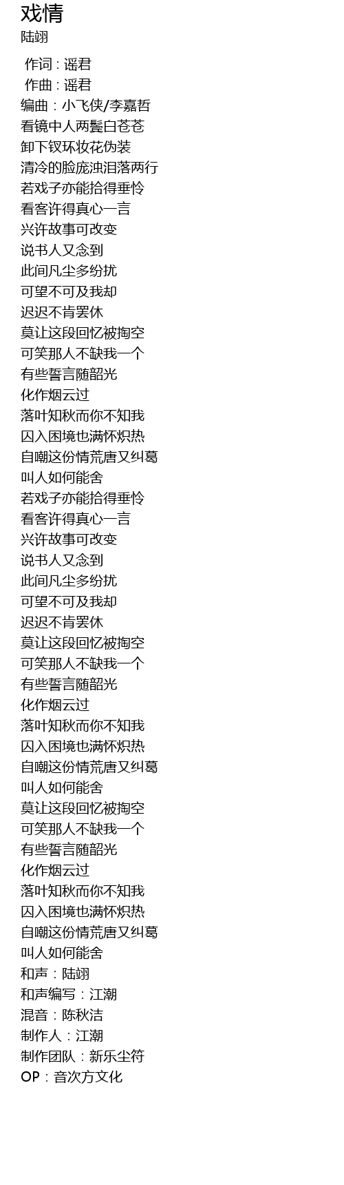 | [00:32.94] | 若戏子亦能拾得垂怜 |
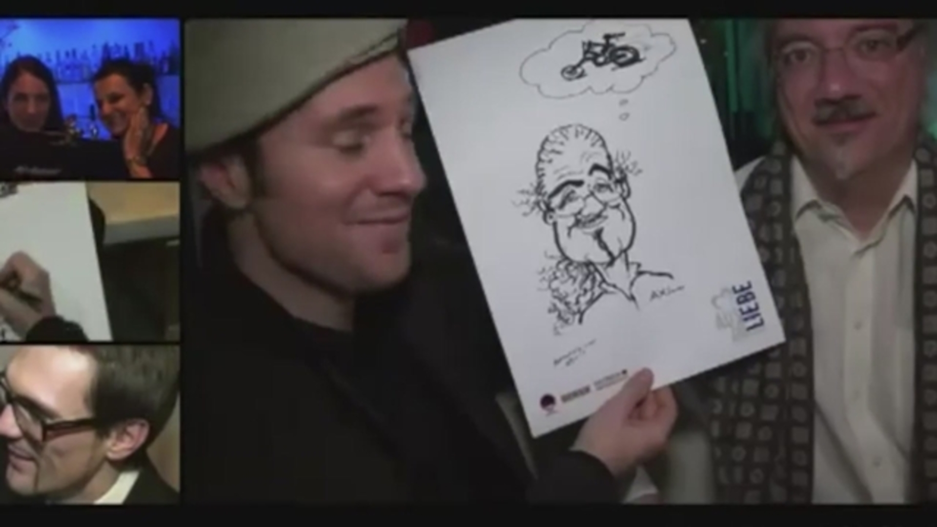 The highly versatile Vienna caricaturist is available for a wide range of event types and can fully tailor his artistic style and visual appearance, from formal to informal or even themed, depending on client needs. The illustrations can be done and presented to your guests on branded sheets of paper that can include any text, logos or branding of choice.
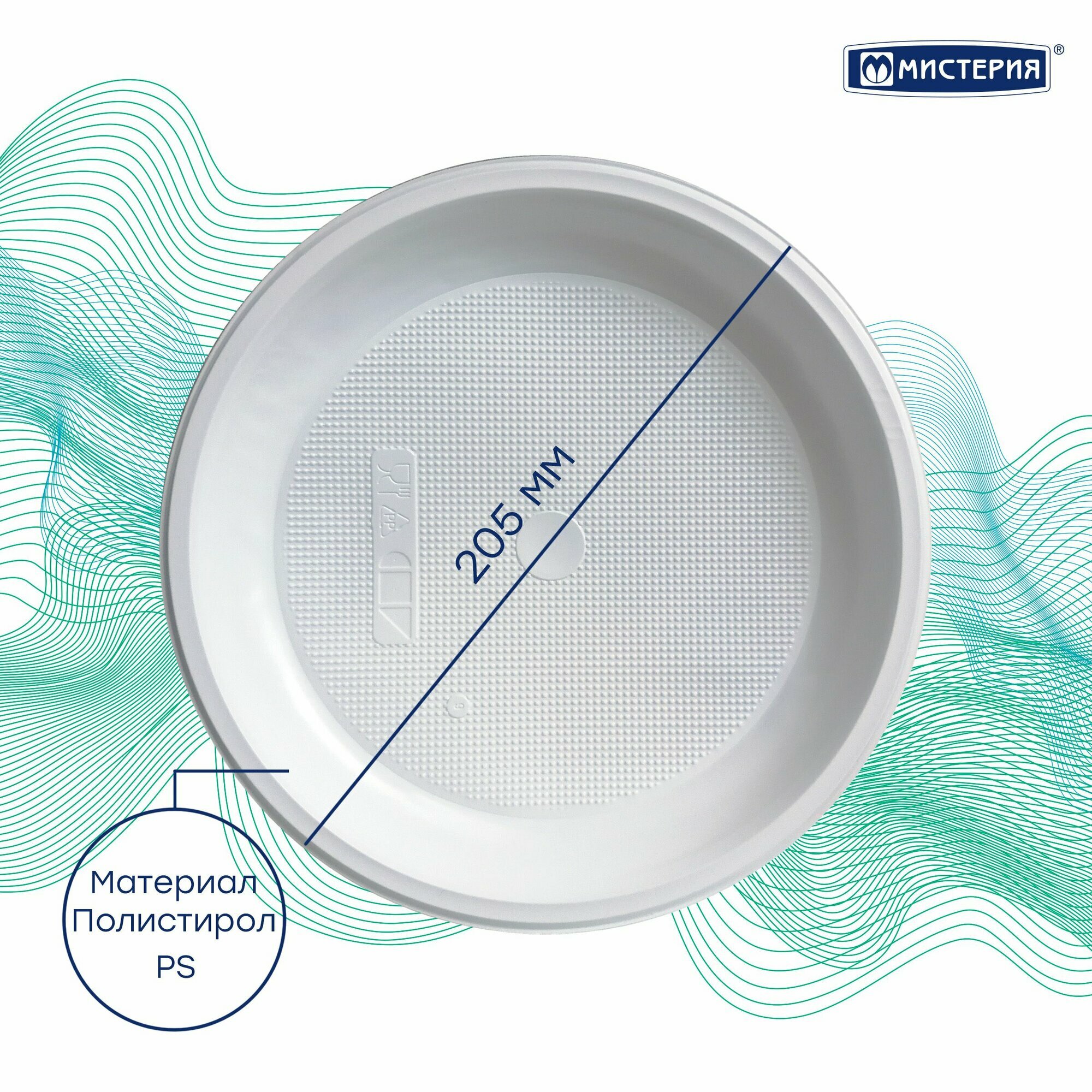 Одноразовая тарелка столовая Мистерия, 205 мм, 100 шт
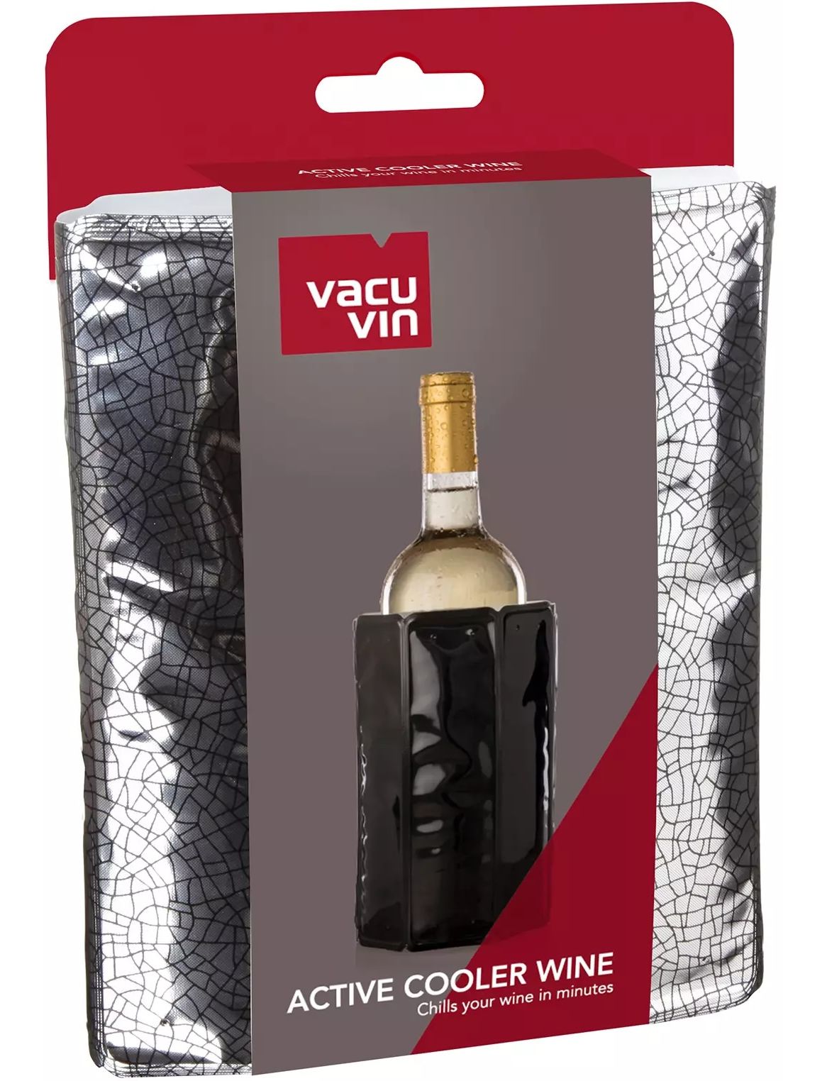Vacu Vin Active Cooler Wine Silver активно охолоджує вашу улюблену пляшку вина, зберігаючи її холодною та освіжаючою. Ізольований рукав для охолодження пляшки підтримує ідеальну температуру пляшки до останнього ковтка. Для оптимального використання зберігайте багаторазовий рукав у морозильній камері щонайменше 6 годин.

***

**Exercise goal**. Please retype the whole listing above word for word and drop the pictures.

**Solution to this exercise**.
 | [00:32.94] | 若戏子亦能拾得垂怜 |
 The highly versatile Vienna caricaturist is available for a wide range of event types and can fully tailor his artistic style and visual appearance, from formal to informal or even themed, depending on client needs. The illustrations can be done and presented to your guests on branded sheets of paper that can include any text, logos or branding of choice.
 Одноразовая тарелка столовая Мистерия, 205 мм, 100 шт
Vacu Vin Active Cooler Wine Silver активно охолоджує вашу улюблену пляшку вина, зберігаючи її холодною та освіжаючою. Ізольований рукав для охолодження пляшки підтримує ідеальну температуру пляшки до останнього ковтка. Для оптимального використання зберігайте багаторазовий рукав у морозильній камері щонайменше 6 годин.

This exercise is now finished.